Zunächst ist sie als eine moderne Fassung des Film noirs der 1940er-Jahre konzipiert: In bester Noir-Manier werden hier Formspiele aus harten Licht-Schatten-Kontrasten, verkanteten und untersichtigen Einstellungen genutzt, um das Gefühl eines Realitätsverlustes zu illustrieren. Über den Voice-over-Kommentar berichtet Sugar immerzu raunend, wie er sich an die Gewalt und das Abstumpfen der Affekte gewöhnt hat. „All this violence … I’ve been doing this so long, now I’ve almost come to expect it“, meint er beiläufig, während er in seiner alten, himmelblauen Corvette möglichen Spuren folgt. Er erzählt ferner von seinen Schlafstörungen, den Alpträumen – die bekannten Noir-Stilmittel sind alle da, mehr noch aber bindet die Serie Originalaufnahmen dieser Filmklassiker in seine Handlung ein: Da gibt es „Sunset Boulevard“ (1950) oder noch „Double Indemnity“ (1944), „The Maltese Falcon“ (1941), „The Third Man“ (1949) und viele mehr – in einer eindrücklichen Montagesequenz werden so die Figuren dieser Filme zu Sugars Kollegen, sie ermitteln mit ihm, stellen die typischen Fragen, um der Auflösung des Geheimnisses näherzukommen. Der Serienschöpfer Mark Protosevich folgt dem Bild der Filmbranche von Los Angeles’ als ein verruchtes urbanes Milieu, ganz wie in Curtis Hansons düsterem „L.A. Confidential“ (1997), der eine maßgebliche Bezugsquelle darstellt. Es ist ein Moloch, in dem John Sugar der einzig moralische Anker zu sein scheint.

Zweite Staffel geplant

Doch auch die von Colin Farell undurchsichtig angelegte Figur ist kein wahrer Fixpunkt, denn je näher die Serie sich auf die narrative Auflösung um das vermisste Mädchen zubewegt, desto mehr versperrt sie sich dem Publikum. Es wirkt beinahe so, als sei sich der Drehbuchautor Protosevich der Formelhaftigkeit kriminalistischer Erzählungen derart bewusst, dass er seinen ‚plot twist‘ ganz unvermittelt, willkürlich und nahezu provokativ in seinem letzten Erzählabschnitt freisetzt. Ohne Umschweife nimmt „Sugar“ plötzlich die Genremuster der Science-Fiction auf, deutet seinen Privatermittler nicht mehr als den desillusionierten und hartgesottenen Individualisten aus dem literarischen Stoff eines Raymond Chandler oder Dashiell Hammett, sondern als Figur einer größeren, übernatürlichen Gesellschaftsordnung. Wie sich aber dieses Blending aus Noir-Welt und Science-Fiction zu einer wahrhaften Aussagekraft entwickeln will, bleibt abzuwarten.

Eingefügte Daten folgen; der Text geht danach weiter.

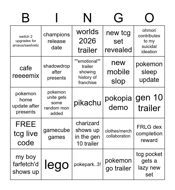 This bingo card has a free space and 24 words: gamecube games, lego, ""emotional"" trailer showing history of franchise, my boy farfetch'd shows up, ohmori contributes to my suicidal ideation, switch 2 upgrades for arceus/swsh/etc, cafe reeeemix, champions release date, pokopia demo, charizard shows up in the gen 10 trailer, new mobile slop, pokemon home update after presents, clothes/merch collaboration, FRLG dex completion reward, shadowdrop after presents, pokemon go trailer, gen 10 trailer, worlds 2026 trailer, pokemon sleep update, pokemon unite gets some random mon added, tcg pocket gets a lazy new set, FREE tcg live code, new tcg set revealed and pokepark..3!.

Eine zweite Ausgabe der Serie wurde bereits angekündigt. Die Kombination aus Noir-Elementen und Science-Fiction ist nicht neu, „Blade Runner“ (1981) gilt als das konzeptuell prototypische Beispiel – doch in „Sugar“ finden die Wesenszüge des ‚plot twists‘ und des seriellen Erzählens auf eher unmotivierte und kontroverse Weise zusammen. Für die einen präsentiert sich die Erzählwendung so als überaus frustrierendes Erlebnis: Es sei ein unverdienter Weg, um Aufmerksamkeit zu erregen und dem Publikum einen Schockmoment abzugewinnen – ferner gar ein Trick, die erzählerischen Antworten auf weitere Folgen hinauszuzögern. Für andere wiederum liegt darin ein subversives Potenzial. Dem Serienpublikum, dessen Blick für das serielle Erzählen, die langsame Entfaltung der Ereignisse, unerwartete Spannungsbögen und Cliffhanger geschult sei, erscheine eine derartige Wendung geradezu recht.